§ **Activity**
Copy the lines below verbatim. Begin with the first and end with the line containing "エンジョイヴィレッジは、連続".

§ **Records supplied**
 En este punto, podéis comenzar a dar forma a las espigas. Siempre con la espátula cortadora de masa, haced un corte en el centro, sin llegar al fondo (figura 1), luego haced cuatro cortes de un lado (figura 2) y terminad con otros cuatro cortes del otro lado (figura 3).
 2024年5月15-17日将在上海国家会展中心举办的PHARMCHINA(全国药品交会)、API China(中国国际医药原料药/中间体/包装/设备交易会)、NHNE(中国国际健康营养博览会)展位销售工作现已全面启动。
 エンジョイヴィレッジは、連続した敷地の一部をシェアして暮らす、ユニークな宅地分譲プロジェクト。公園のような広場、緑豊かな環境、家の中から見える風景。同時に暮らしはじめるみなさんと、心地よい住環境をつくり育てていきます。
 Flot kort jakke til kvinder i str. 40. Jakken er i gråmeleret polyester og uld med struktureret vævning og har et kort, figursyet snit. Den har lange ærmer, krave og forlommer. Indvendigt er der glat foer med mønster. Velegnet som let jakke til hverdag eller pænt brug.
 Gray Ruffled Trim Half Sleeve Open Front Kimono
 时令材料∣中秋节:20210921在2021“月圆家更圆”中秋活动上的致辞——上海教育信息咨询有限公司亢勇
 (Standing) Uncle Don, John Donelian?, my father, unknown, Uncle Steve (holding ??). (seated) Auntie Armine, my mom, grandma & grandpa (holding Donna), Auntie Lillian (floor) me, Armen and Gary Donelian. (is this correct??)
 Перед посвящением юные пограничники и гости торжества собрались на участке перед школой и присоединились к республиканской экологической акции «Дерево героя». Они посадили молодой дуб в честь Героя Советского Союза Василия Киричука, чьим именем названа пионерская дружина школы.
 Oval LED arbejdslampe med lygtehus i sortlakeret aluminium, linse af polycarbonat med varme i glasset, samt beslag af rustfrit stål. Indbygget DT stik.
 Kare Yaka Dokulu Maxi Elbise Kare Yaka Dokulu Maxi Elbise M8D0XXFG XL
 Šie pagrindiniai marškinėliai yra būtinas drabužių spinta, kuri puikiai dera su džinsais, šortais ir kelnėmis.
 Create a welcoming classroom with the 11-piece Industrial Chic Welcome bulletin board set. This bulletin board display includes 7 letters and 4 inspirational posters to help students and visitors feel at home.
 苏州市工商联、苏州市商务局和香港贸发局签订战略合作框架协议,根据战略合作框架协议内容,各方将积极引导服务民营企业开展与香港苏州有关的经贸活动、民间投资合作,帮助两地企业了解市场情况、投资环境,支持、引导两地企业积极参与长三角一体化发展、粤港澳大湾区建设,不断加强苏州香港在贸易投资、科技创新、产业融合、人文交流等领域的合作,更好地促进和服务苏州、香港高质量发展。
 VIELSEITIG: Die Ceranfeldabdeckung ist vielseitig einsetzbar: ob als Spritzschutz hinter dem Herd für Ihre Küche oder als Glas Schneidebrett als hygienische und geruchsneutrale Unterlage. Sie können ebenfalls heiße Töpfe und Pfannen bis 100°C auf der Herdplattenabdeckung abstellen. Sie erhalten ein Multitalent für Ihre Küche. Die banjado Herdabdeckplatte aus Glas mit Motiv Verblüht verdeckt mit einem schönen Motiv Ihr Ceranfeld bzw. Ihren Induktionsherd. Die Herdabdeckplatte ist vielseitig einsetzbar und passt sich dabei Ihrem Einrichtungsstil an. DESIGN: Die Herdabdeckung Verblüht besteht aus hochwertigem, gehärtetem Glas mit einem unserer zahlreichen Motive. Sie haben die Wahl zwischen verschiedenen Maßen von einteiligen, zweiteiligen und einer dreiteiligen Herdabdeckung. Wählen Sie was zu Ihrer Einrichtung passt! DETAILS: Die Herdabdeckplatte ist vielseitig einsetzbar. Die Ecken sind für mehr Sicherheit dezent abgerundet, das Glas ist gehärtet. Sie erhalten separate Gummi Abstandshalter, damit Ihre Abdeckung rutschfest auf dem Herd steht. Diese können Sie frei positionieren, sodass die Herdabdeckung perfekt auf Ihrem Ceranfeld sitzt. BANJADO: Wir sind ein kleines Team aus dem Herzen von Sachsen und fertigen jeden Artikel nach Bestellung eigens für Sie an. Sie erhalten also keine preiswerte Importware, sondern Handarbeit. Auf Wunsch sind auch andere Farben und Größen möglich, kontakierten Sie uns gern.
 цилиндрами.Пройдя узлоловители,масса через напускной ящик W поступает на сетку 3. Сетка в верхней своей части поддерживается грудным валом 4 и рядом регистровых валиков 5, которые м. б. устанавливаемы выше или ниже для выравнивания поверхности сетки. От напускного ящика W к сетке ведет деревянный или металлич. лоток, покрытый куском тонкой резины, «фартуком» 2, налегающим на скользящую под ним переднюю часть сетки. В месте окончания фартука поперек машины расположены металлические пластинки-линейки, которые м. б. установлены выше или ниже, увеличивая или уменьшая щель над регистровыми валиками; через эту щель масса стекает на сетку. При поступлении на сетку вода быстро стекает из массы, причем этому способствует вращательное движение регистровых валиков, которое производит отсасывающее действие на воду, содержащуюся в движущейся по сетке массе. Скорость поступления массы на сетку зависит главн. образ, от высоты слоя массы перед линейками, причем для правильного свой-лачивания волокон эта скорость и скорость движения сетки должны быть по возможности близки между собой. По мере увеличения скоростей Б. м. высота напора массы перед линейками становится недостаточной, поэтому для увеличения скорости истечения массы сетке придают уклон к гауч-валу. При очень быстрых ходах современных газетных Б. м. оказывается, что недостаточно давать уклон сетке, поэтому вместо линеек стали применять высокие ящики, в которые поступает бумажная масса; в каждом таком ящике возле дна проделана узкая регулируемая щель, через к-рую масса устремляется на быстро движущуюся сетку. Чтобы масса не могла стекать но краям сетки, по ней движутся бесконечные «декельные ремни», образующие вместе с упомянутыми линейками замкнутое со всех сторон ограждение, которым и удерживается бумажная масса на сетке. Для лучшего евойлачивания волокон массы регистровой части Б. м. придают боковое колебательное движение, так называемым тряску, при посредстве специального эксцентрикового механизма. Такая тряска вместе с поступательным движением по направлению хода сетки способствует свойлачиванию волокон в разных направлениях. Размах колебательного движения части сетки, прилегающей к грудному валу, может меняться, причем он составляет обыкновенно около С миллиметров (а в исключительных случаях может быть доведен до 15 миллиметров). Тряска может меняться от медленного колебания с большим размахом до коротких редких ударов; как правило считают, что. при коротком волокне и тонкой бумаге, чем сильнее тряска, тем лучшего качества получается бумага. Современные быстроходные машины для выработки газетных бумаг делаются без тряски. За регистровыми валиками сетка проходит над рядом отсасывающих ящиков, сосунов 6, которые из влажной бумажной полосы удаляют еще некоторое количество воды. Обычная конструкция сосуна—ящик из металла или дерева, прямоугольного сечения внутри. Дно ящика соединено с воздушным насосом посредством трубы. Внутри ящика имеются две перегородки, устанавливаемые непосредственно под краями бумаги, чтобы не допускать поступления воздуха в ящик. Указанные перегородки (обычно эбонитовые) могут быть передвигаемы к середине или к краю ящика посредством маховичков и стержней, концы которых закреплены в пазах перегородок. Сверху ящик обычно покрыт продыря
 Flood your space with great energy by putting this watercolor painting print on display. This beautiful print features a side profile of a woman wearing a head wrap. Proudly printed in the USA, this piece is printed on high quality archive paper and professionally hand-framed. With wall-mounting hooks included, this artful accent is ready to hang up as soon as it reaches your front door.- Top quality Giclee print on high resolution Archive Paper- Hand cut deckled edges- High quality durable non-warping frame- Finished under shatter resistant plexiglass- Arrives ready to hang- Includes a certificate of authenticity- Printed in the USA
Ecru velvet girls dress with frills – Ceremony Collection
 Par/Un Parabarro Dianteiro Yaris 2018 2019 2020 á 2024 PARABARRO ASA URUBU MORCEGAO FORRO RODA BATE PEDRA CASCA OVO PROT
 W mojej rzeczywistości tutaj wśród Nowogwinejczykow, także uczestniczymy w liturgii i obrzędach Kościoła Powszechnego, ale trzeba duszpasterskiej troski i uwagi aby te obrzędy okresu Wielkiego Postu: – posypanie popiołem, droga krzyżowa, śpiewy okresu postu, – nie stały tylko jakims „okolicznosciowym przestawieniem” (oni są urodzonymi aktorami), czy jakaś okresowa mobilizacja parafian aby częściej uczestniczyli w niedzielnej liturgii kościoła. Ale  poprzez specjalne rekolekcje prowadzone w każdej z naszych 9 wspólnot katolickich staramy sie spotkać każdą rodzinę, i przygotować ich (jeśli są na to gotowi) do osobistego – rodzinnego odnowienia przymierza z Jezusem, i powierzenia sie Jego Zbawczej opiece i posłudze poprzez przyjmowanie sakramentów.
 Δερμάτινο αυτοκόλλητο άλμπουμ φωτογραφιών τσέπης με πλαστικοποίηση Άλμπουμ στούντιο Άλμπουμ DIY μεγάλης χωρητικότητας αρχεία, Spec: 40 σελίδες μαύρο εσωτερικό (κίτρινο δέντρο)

§ **Solution to this task**
 En este punto, podéis comenzar a dar forma a las espigas. Siempre con la espátula cortadora de masa, haced un corte en el centro, sin llegar al fondo (figura 1), luego haced cuatro cortes de un lado (figura 2) y terminad con otros cuatro cortes del otro lado (figura 3).
 2024年5月15-17日将在上海国家会展中心举办的PHARMCHINA(全国药品交会)、API China(中国国际医药原料药/中间体/包装/设备交易会)、NHNE(中国国际健康营养博览会)展位销售工作现已全面启动。
 エンジョイヴィレッジは、連続した敷地の一部をシェアして暮らす、ユニークな宅地分譲プロジェクト。公園のような広場、緑豊かな環境、家の中から見える風景。同時に暮らしはじめるみなさんと、心地よい住環境をつくり育てていきます。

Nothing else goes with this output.